Current Mortgage Rates -- September 7, 2021: Some Rates Up, Others Down
by Jamie Matthews | Published on Sept. 7, 2021
Mortgage rates are a mixed bag compared with yesterday. Is now the right time to apply for a new mortgage?
Average mortgage rates are up and down today, depending on which mortgage type you're seeking. Check out average mortgage rates for Tuesday, Sept. 7 to see what you might pay to borrow for a home:
|MORTGAGE TYPE||TODAY'S INTEREST RATE|
|30-year fixed mortgage||3.084%|
|20-year fixed mortgage||2.850%|
|15-year fixed mortgage||2.342%|
30-year mortgage rates
The average 30-year mortgage rate today is 3.084%, up 0.005% from yesterday's average of 3.079. A mortgage loan at today's average interest rate would cost you $426 per $100,000 borrowed. Over the life of the loan, your total interest costs would add up to $53,413 per $100,000 borrowed.
20-year mortgage rates
The average 20-year mortgage rate today is 2.850%, up 0.045% from Monday's average of 2.805%. For each $100,000 borrowed at today's average rate, your monthly principal and interest payment would add up to $547. Total interest costs would add up to $31,380 per $100,000 borrowed over the life of the loan.
You'll pay $121 more per month with the 20-year loan compared to the 30-year loan, but you'll save a whopping $22,033 in interest by cutting 10 years off your payoff time.
15-year mortgage rates
The average 15-year mortgage rate today is 2.342%, down 0.004% from yesterday's average of 2.338%. If you borrow at today's average rate, you'd have a monthly principal and interest payment of $659 per $100,000 borrowed. During your entire loan repayment period, you'd pay total interest costs of $18,671 per $100,000 borrowed.
You'll save even more over time with the 15-year loan. You'd be paying an extra $233 per month toward your monthly payment compared with the 30-year loan, but over the life of your loan you'll save a total of $34,742 in interest compared with what you'd pay for the 30-year. That's a substantial savings.
The average 5/1 ARM rate is 2.961%, down 0.109% from yesterday's average of 3.070%. ARM stands for adjustable-rate mortgage. With a 5/1 ARM, your rate is guaranteed for just the first five years.

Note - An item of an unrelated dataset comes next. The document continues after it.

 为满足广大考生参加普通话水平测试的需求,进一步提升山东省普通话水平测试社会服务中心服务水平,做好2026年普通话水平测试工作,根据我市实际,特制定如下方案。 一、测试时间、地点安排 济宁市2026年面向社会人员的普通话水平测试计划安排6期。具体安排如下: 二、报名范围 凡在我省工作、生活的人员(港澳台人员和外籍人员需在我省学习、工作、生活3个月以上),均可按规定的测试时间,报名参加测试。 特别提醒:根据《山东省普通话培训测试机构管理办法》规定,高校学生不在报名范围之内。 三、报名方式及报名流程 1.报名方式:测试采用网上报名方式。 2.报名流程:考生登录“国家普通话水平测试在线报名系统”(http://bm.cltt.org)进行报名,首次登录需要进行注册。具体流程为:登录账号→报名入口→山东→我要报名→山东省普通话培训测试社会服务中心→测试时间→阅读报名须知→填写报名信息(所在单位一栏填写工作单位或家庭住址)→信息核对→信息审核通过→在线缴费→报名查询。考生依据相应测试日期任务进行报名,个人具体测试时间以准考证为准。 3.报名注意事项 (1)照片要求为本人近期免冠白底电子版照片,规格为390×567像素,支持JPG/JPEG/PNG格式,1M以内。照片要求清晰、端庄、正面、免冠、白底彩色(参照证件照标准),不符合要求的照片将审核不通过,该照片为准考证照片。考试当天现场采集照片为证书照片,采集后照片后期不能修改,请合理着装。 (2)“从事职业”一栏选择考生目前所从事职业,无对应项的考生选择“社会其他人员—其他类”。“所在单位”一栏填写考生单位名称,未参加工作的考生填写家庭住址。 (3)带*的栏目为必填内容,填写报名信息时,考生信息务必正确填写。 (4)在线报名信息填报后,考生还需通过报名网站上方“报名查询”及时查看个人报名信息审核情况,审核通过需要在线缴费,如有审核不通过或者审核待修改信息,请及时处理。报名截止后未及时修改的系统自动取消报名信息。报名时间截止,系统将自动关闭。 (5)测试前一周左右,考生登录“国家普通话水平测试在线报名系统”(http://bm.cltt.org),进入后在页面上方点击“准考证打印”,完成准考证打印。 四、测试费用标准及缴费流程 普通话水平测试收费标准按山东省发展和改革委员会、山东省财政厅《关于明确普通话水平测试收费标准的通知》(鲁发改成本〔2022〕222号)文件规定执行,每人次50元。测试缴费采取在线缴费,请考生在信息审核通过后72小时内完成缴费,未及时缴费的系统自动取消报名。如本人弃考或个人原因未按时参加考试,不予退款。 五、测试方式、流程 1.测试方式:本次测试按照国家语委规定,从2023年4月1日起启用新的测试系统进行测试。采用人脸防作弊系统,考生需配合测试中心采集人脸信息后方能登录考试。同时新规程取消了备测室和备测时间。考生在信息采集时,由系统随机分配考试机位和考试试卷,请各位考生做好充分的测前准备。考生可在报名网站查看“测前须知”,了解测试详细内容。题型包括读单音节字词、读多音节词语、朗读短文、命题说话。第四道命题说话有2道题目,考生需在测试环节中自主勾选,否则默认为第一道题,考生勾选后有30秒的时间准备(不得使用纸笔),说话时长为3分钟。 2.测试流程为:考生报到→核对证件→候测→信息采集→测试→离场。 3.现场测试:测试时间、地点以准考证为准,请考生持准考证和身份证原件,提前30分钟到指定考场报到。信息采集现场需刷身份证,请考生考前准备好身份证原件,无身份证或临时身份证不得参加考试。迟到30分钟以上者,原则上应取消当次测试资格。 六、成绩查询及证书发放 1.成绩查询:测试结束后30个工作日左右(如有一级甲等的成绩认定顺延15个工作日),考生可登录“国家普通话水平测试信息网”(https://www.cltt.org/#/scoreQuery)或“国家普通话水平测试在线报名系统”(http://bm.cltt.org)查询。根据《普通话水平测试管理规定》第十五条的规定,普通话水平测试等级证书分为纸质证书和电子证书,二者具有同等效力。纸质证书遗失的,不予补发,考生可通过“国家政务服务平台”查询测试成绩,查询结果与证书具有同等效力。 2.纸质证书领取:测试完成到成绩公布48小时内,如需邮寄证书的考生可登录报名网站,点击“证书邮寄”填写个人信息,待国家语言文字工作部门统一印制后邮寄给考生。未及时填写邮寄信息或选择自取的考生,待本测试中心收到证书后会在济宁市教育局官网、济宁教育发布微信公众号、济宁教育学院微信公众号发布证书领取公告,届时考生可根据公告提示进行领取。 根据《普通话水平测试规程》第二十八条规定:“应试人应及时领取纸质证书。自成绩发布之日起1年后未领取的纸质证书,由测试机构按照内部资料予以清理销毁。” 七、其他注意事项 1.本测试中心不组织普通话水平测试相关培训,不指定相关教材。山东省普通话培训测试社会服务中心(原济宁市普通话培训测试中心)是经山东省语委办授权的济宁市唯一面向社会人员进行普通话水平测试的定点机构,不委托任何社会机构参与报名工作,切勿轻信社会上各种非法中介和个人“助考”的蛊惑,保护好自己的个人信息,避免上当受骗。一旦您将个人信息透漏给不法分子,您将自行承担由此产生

Beyond that, it will adjust annually with a financial index. If it goes up, both your monthly payment and total costs will increase. Weigh the risks before locking in this type of loan.
Should I lock my mortgage rate now?
A mortgage rate lock guarantees you a certain interest rate for a specified period of time -- usually 30 days, but you may be able to secure your rate for up to 60 days. You'll generally pay a fee to lock in your mortgage rate, but that way, you're protected in case rates climb between now and when you actually close on your mortgage.
If you plan to close on your home within the next 30 days, then it pays to lock in your mortgage rate based on today's rates -- especially since they're so competitive. But if your closing is more than 30 days away, you may want to choose a floating rate lock instead for what will usually be a higher fee, but one that could save you money in the long run. A floating rate lock lets you secure a lower rate on your mortgage if rates fall prior to your closing, and while today's rates are still quite low, we don't know if rates will go up or down over the next few months. As such, it pays to:
- LOCK if closing in 7 days
- LOCK if closing in 15 days
- LOCK if closing in 30 days
- FLOAT if closing in 45 days
- FLOAT if closing in 60 days
To find out what rates are available to you, compare rates from at least three of the best mortgage lenders before locking in. You should also inquire about closing costs so that you have a complete picture of your financial responsibility. This will help ensure you truly get the best mortgage available.